# DIRECTIONS FOR THIS TASK
Before anything else, drop the pictures; then return exactly the lines from the top of the listing through the line with "拉夏贝尔女童天丝牛仔裤夏季薄款2025新款休闲儿童阔腿裤夏装裤子".

# MATERIAL PROVIDED
#####

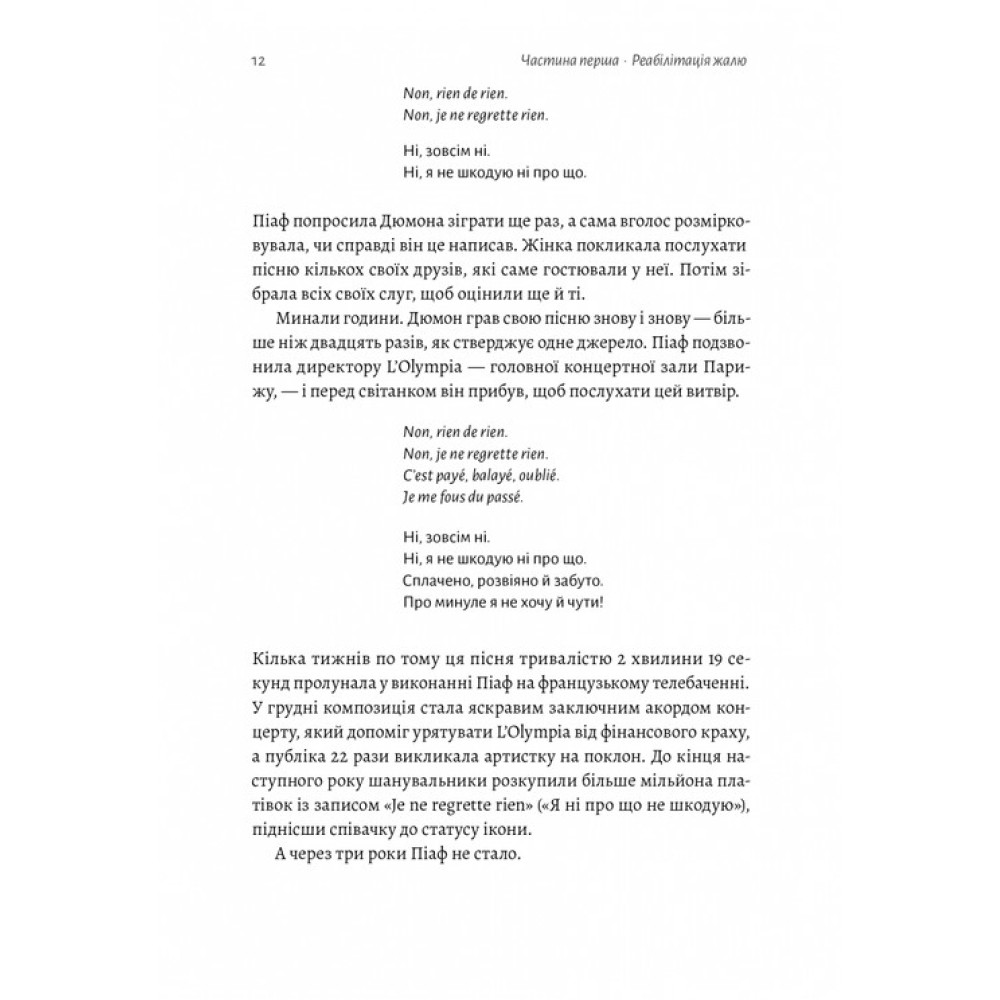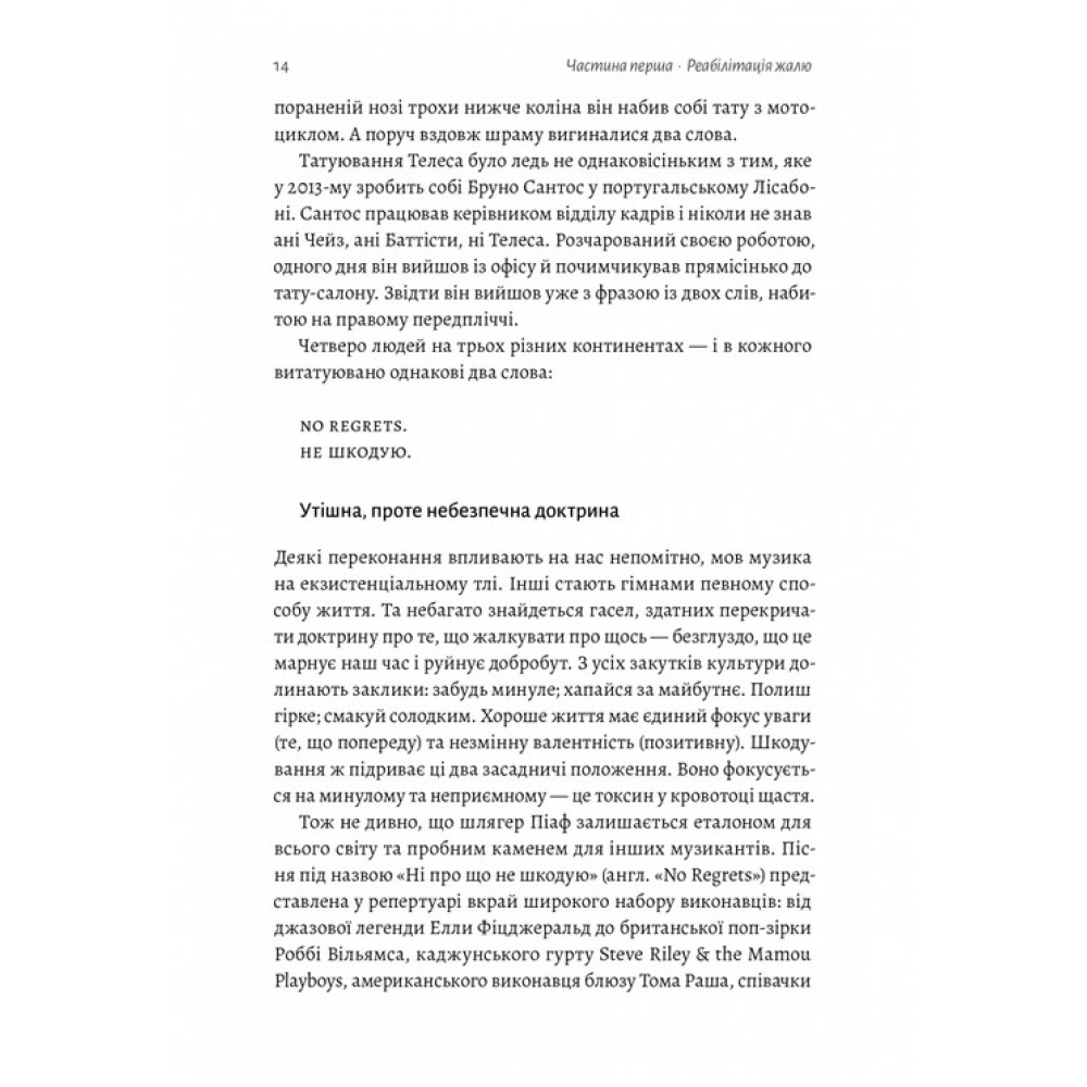 Опираючись на дослідження в галузі соціальної психології, неврології та біології, автор доводить, що неможливо ні про що не шкодувати. У книжці він використовує найбільшу статистичну вибірку ставлення американців до жалю, яку коли-небудь проводили, а також власне Всесвітнє дослідження жалю, у якому взяло участь 15 000 людей у 105 країнах.
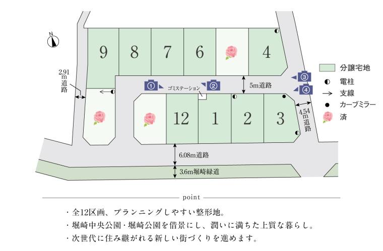 ![]() 分譲地南側に広がる緑豊かな「堀崎中央公園・堀崎公園」。四季折々の移ろいを感じながらの堀崎緑道での散歩も楽しみです。北側の自治会館には桜の木が借景に。全区画プランニングしやすい整形地をご用意。「まちなみガイドライン」で統一感のある上質な街づくりを進めます。 |
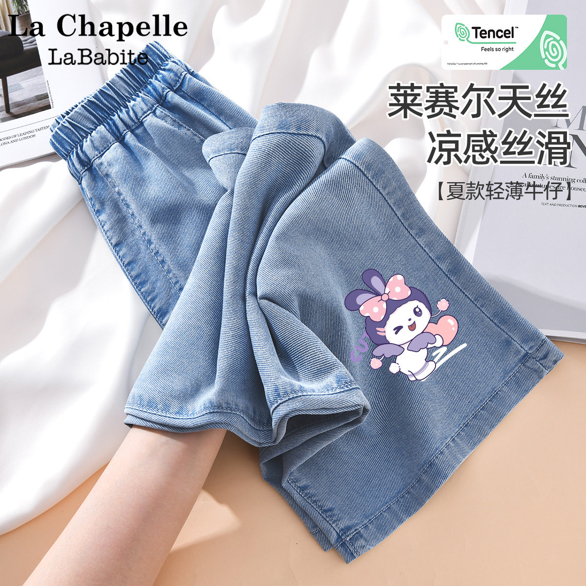 拉夏贝尔女童天丝牛仔裤夏季薄款2025新款休闲儿童阔腿裤夏装裤子
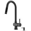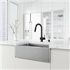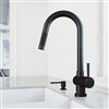 A sleek cylindrical design and contrasting textures create an exceptional kitchen faucet with the Gramercy by VIGO. It provides a sleek silhouette with a tall gooseneck while the high arc ensures plenty of space for washing large pots and pans. A premium matte black finish adds elegance to its design and provides a lifetime of brilliance. This versatile single-handle kitchen faucet adds modern sensibility to any stainless steel or farmhouse kitchen sink. The included Bolton soap dispenser with an easy to fill above counter design completes your kitchen workstation and provides a lifetime of multifunctionality.
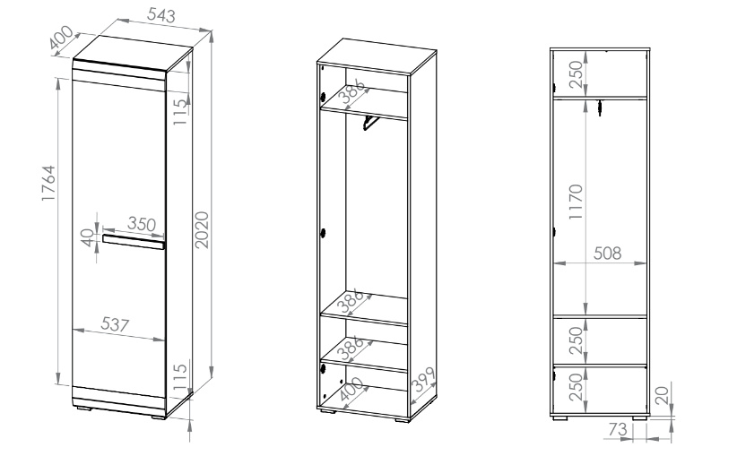 Rozměry: š. 55 cm / v. 202 cm / hl. 42 cm

#####

# OUTPUT OF THE TASK
 Опираючись на дослідження в галузі соціальної психології, неврології та біології, автор доводить, що неможливо ні про що не шкодувати. У книжці він використовує найбільшу статистичну вибірку ставлення американців до жалю, яку коли-небудь проводили, а також власне Всесвітнє дослідження жалю, у якому взяло участь 15 000 людей у 105 країнах.
 ![]() 分譲地南側に広がる緑豊かな「堀崎中央公園・堀崎公園」。四季折々の移ろいを感じながらの堀崎緑道での散歩も楽しみです。北側の自治会館には桜の木が借景に。全区画プランニングしやすい整形地をご用意。「まちなみガイドライン」で統一感のある上質な街づくりを進めます。 |
 拉夏贝尔女童天丝牛仔裤夏季薄款2025新款休闲儿童阔腿裤夏装裤子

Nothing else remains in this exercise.